変動為替相場制度はなぜ20世紀最大の失策なのか

昨年11月、G20「世界金融危機」サミットを前にして、麻生太郎首相がドル基軸通貨体制を維持しなければならないと発言すると、その直後にサルコジ・フランス大統領がドルはもはや基軸通貨ではないと答えた。ドル基軸通貨体制についてはG20「世界金融危機」サミットにおいて議論されるかと期待されたが、結局は議論されずに終わった。

PRESIDENTでは、筆者が「『グレシャムの法則』から見た基軸通貨ドルの明日」(2008年10月13日号)と「『通貨危機』ユーロ、『迷走』ドルの真相」(08年12月15日号)というタイトルで文章を載せ、昨今の世界金融危機の中において、ユーロやアジア通貨と比較しながら、ドルの為替相場の動向を解説し、その将来の行方を占った。
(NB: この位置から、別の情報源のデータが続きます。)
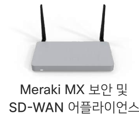
Meraki MX 보안 및 SD-WAN 어플라이언스
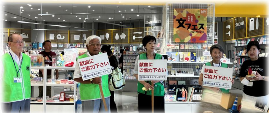
◀富山雷鳥LC：ファボーレにて▶
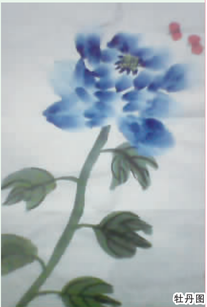
牡丹图 周口六一路小学六(7)班 刘明晓 编号:131347

その中で、ドルが基軸通貨として存在することそのこと自体がドルの価値を少なくとも短期的には維持していることを解説した。

そんな中、筆者は、この正月にサンフランシスコで開催されたアメリカ経済学会に参加してきた。昨年のアメリカ経済学会でもサブプライム・ローン問題を取り扱うセッションがあったが、今年のアメリカ経済学会では昨年以上に世界金融危機を取り上げたセッションが設けられ、多数の研究者が議論を戦わせていた。その中でも、ノーベル経済学賞受賞者(ローレンス・クライン教授やロバート・マンデル教授など)がパネラーとなったラウンドテーブルでは、“Where Is the World Economy Headed?”(世界経済はどこへ向かうのか?)と題して、世界金融危機および世界金融危機後の世界経済の行方が議論された。なかでも、筆者が最も印象に残ったのは、マンデル教授が20世紀の最大の失策は変動為替相場制度を導入したことだと発言したことである。
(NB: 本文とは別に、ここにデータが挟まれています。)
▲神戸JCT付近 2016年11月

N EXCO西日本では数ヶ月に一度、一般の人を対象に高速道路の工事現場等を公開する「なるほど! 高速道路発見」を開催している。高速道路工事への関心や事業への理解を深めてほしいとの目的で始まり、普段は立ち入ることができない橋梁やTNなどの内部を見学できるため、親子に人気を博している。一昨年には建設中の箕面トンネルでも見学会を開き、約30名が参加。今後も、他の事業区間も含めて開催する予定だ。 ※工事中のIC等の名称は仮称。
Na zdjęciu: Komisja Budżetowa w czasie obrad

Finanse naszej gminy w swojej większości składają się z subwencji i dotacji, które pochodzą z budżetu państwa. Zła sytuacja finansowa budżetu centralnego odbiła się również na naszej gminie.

マンデル教授は、ユーロのような単一共通通貨が円滑に流通しうる地域、すなわち、最適通貨圏について理論的に考察したことも含めて、国際マクロ経済学および国際通貨の一連の研究が評価され、1999年にノーベル経済学賞を受賞した。その最適通貨圏の理論を応用させて、教授はユーロ誕生の議論にも貢献したと評価された。彼が最適通貨圏の理論で想定していたのは、必ずしも単一共通通貨ではなかった。むしろ固定為替相場制度を採用することができる国々の範囲を規定しようというものであった。それが、ユーロのような単一共通通貨に応用されたのである。実際に、今年の1月にスロバキアが加わって、EU16カ国で単一共通通貨制度(通貨同盟)が締結され、ユーロ圏が形成されている。そのユーロ圏の理論的な拠り所となっているのが最適通貨圏の理論である。